# Thread: Find number of values of x satisfying the given equation.

1. ## Find number of values of x satisfying the given equation.

limit 0 to 2[x+14] $\int [\frac{t}{2}].dt$=limit 0 to {x} $\int [t+14] dt$

where {.} is fractional part of x and [.] is integer number less than or equal to x.

actually speaking, I am not able to get anything from the language of question whether is it asking integral values or real number.
But one thing I hope am doing correct is that R.H.S. comes out to be 14 .

P.S.: i tried my best to solve this question and also use LaTex to type it here.

2. Is the following equation the equation you are trying to solve for in terms of $x$?

$\displaystyle \int_0^{2(x+14)} \bigg \lfloor \dfrac{t}{2} \bigg \rfloor \, dt = \int_0^x \lfloor t + 14 \rfloor \, dt$

3. Originally Posted by NOX Andrew
Is the following equation the equation you are trying to solve for in terms of $x$?

$\displaystyle \int_0^{2(x+14)} \bigg \lfloor \dfrac{t}{2} \bigg \rfloor \, dt = \int_0^x \lfloor t + 14 \rfloor \, dt$
No..the upper limit in LHS is enclosed by [.] (greatest integer function)...and that of RHS by { }(fractional part of x)...so it will look like...i am nt so good at latex so...just trying to modify yours
$\displaystyle \int_0^{[2x+14]} \bigg \lfloor \dfrac{t}{2} \bigg \rfloor \, dt = \int_0^{/{x/}} \lfloor t + 14 \rfloor \, dt$
and if it still doesnt seems clear...so a jpg i am attaching!

4. Don't worry about the LaTeX. It took me a while to familiarize myself with the syntax, and I'm still not that good! Here is the equation for anyone else who may be able to help:

$\displaystyle \int_0^{2 \lfloor x+14 \rfloor} \bigg \lfloor \dfrac{t}{2} \bigg \rfloor \, dt = \int_0^{\{x\}} \lfloor t + 14 \rfloor \, dt$

I have to leave for school now, but I will work on the problem during the day. I'll let you know how I fare.

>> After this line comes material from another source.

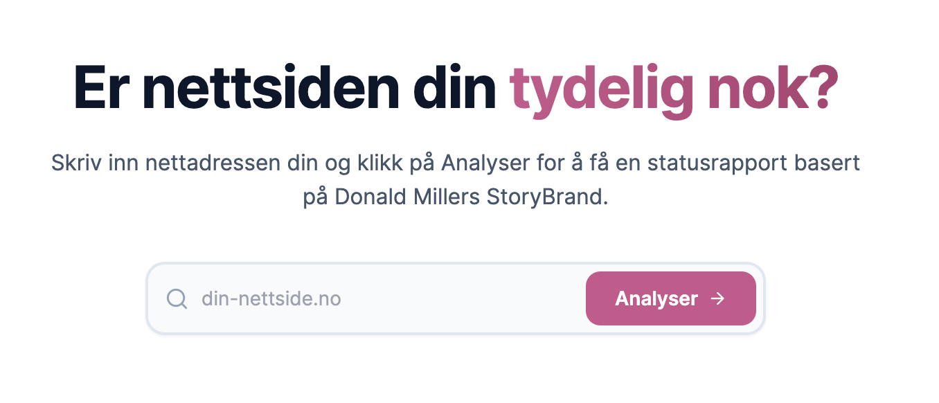 Sjekk nettsiden minIkke mist kunder på grunn av utydelig kommunikasjon. Få en full tilstandsanalyse og se nøyaktig hva du må fikse med vår StoryBrand-sjekk.

Edit: $x = -14$ is the only solution I found.

5. answer given is 14 i.e. 14 solutions of x!
anyway, would please you elaborate, or rather just hint out how did you proceed with to get to that answer at least!

6. I made an educated guess. At $x = -14$, $2\lfloor x - 14 \rfloor = 0$ and the left-hand side of the equation is $0$. Furthermore, at $x = -14$, $\{x\} = 0$ and the right-hand side is also $0$. Therefore, $x = -14$ is a solution to the equation.

I don't know how to solve the equation using analytic methods, but I will explore the properties of the greatest integer and fractional part functions. In the meantime, someone else with more knowledge may come along and help.

7. Originally Posted by findmehere.genius
limit 0 to 2[x+14] $\int [\frac{t}{2}].dt$=limit 0 to {x} $\int [t+14] dt$
where {.} is fractional part of x and [.] is integer number less than or equal to x.
Simplify by using some properties of the floor function.
Note that $0\le \left\{ x \right\} = x - \left\lfloor x \right\rfloor <1,\quad \left\lfloor {x + n} \right\rfloor = \left\lfloor x \right\rfloor + n,\;\& \,\left\{ {x + n} \right\} = \left\{ x \right\}$

Notice that $\displaystyle \int_0^{\left\{ x \right\}} {\left\lfloor {t + 14} \right\rfloor dt}= \int_0^{\left\{ x \right\}} {\left\lfloor t \right\rfloor dt} + \int_0^{\left\{ x \right\}} {14dt} = 0 + 14\left\{ x \right\} = 14\left\{ x \right\}$

8. Thanks to you both of you for trying this question, even I finally got somewhere through it and the integration part reduced to(Do confirm it) [x+14]^2 =14{x}

then plotting the graph of both the function would give us 7 solutions?!

I would be pleased with just this much if I get to confirm that my integration is correct, rest answer given in book doesn't matter!